• **THE TASK**:
Some lines hold the string "Lannion". Copy all of them from the material that follows.

================================

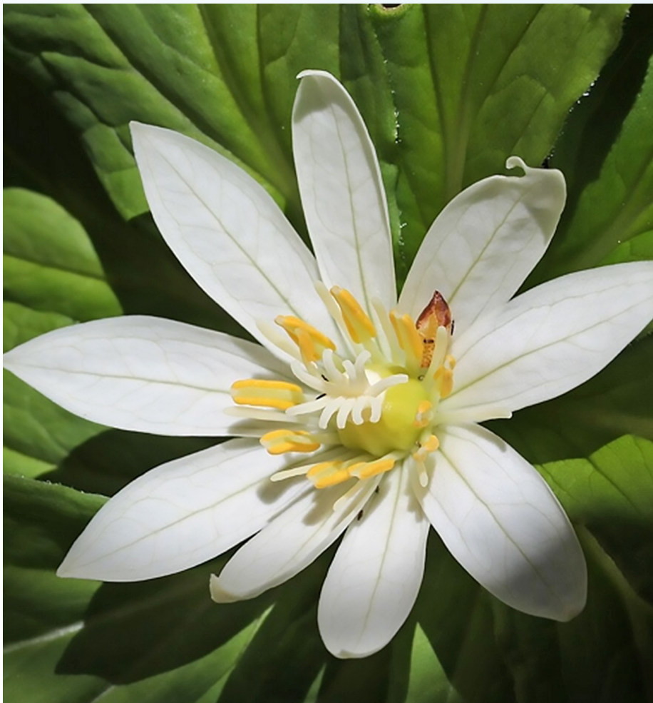
Figura 1. Flor de P. japónica especie de planta con el genoma más grande de todos los seres vivos, que es 50 veces más grande que el genoma de los humanos.

“Los éxitos logrados últimamente por la biología soviética nos permiten confiar en que esa creación artificial de
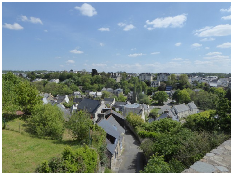
Her har vi stoppet på en høyde og har god utsikt over byen. Opp til denne høyden går det en trapp fra sentrum av Lannion. Den har 142 trappetrinn.

Neste stopp er i Lannion, som ligger ved elva Léguer, Wikipedia France-voyage
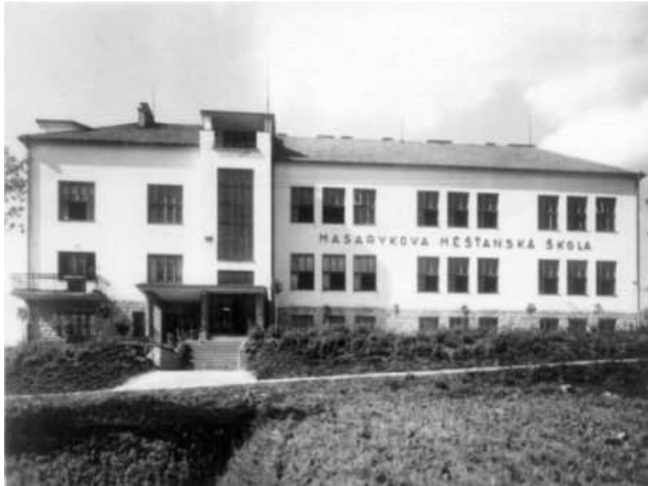
obr. 5: Masarykova měšťanská škola, URL: http://www.zsbojkovice.cz/index.php?ID=1288 , [cit. 18. března]

================================

• **RESULT OF THIS EXERCISE**:
Her har vi stoppet på en høyde og har god utsikt over byen. Opp til denne høyden går det en trapp fra sentrum av Lannion. Den har 142 trappetrinn.
Neste stopp er i Lannion, som ligger ved elva Léguer, Wikipedia France-voyage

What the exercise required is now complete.